Typical webhosting setups
The typical webhost sets up their servers so that each website gets a user account to manage it (eg your FTP login). Each user account has a home directory where they can create files. These website files will generally be owned by the user account that uploaded them.
The default permissions on these files usually won't allow other users to write to them for obvious reasons.
On most servers by default, the webserver runs under a different user account. eg on a Debian Linux server, Apache usually runs as the www-data user. Some webhosts though might have installed Apache modules that switch the webserver to run as the owner of the files it is serving up.
Note: To find out what user the webserver is running as, you can use the phpinfo() function. There are various ways of doing this - you can upload your own php file to do so, or that functionality might already be built into tools you already have available like phpmyadmin.

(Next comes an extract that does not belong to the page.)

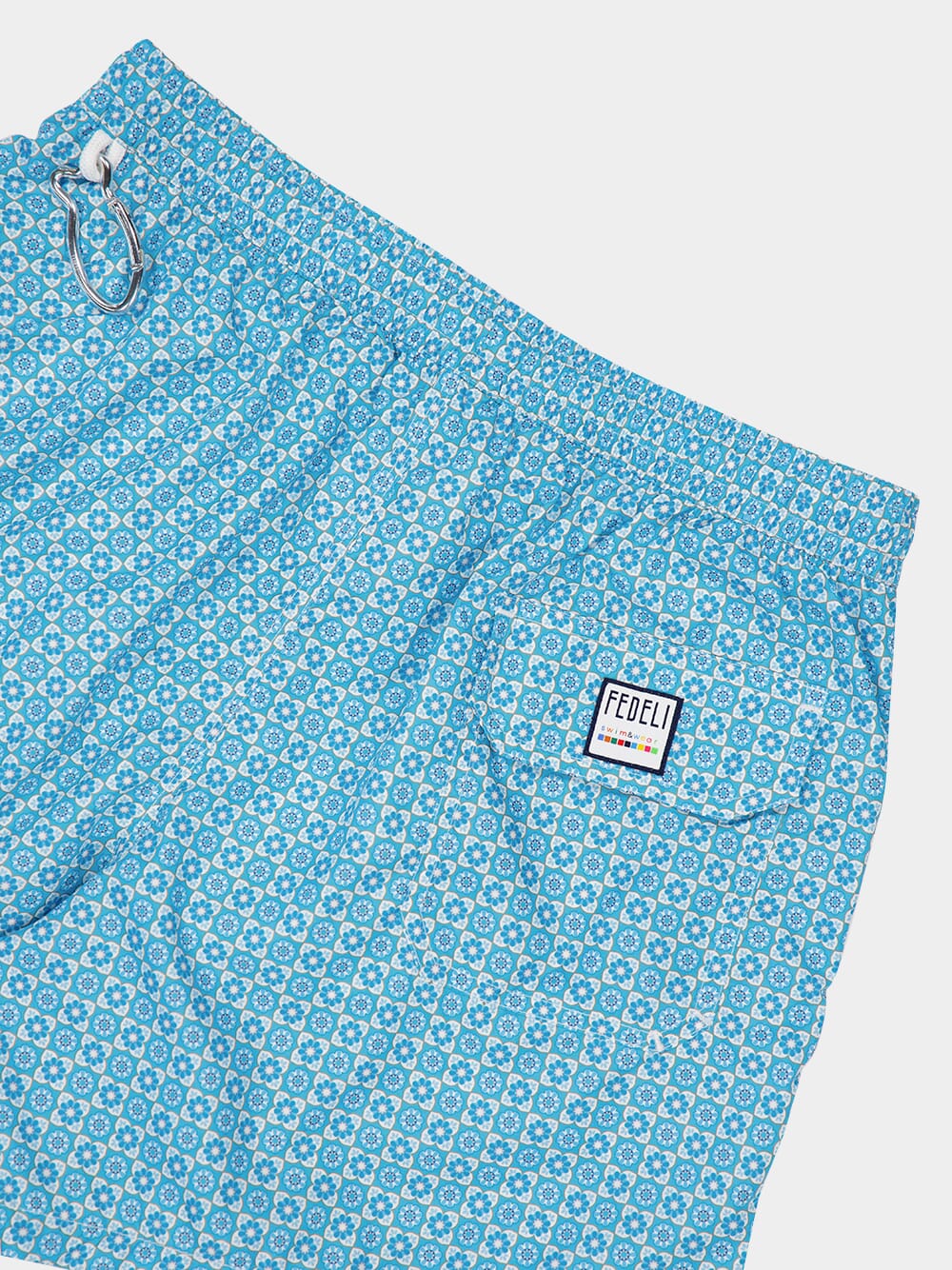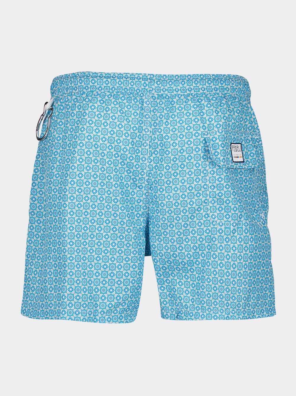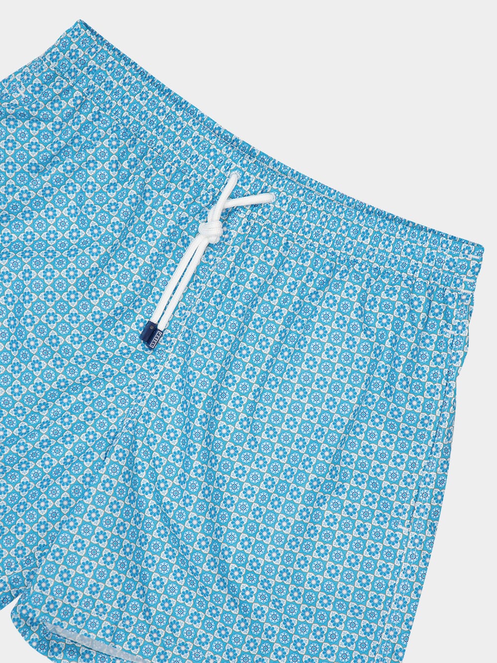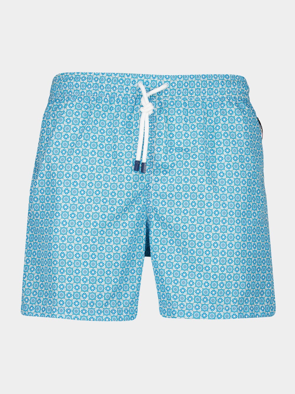 These signature swim shorts, crafted from recycled polyester, feature a vibrant blue geometric pattern for a modern, stylish beach look. Designed for optimal comfort, they are slightly shorter than the classic Positano design, providing freedom of movement. The lightweight fabric ensures quick drying, earning them the name ‘90-seconds trunks’. The elasticated waistband with drawstring provides a perfect fit, while the sustainable material makes them a responsible choice for eco-conscious individuals.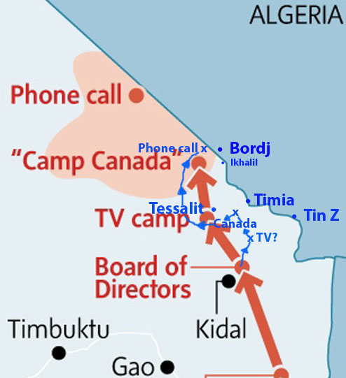 That will be a ‘yes’, then. Wikileaks since revealed that prisoners were released and a ransom was indeed paid (€700,000 according to this document, a figure with AQIM leaders thought was way too low. As with other Saharan ransoms, the conduit for the Canadians’ release was the then convenient and well stocked treasury of Ghadafi’s Libya, while the relevant government in denial most probably provided some kind of concessions to Libya as well as the other African counties involved, while claiming its hands were clean.

Most documents or people answering forums tend to assume that the webserver is running as a different user account. The explanations get a bit too fiddly and convoluted otherwise. But if your server does run the webserver as your own account, keep that in mind when reading other docs or answers - they might be aimed at the case where it runs as a different user.
How the web server is set up determines which permissions get used to control access to your files. If the webserver runs under your user account, then Unix uses the file owners permissions to provide access to your files. If the webserver runs as a different user, then Unix uses either the 'group' or 'other' permissions to determine access depending on whether or not the webserver account is in the files group or not.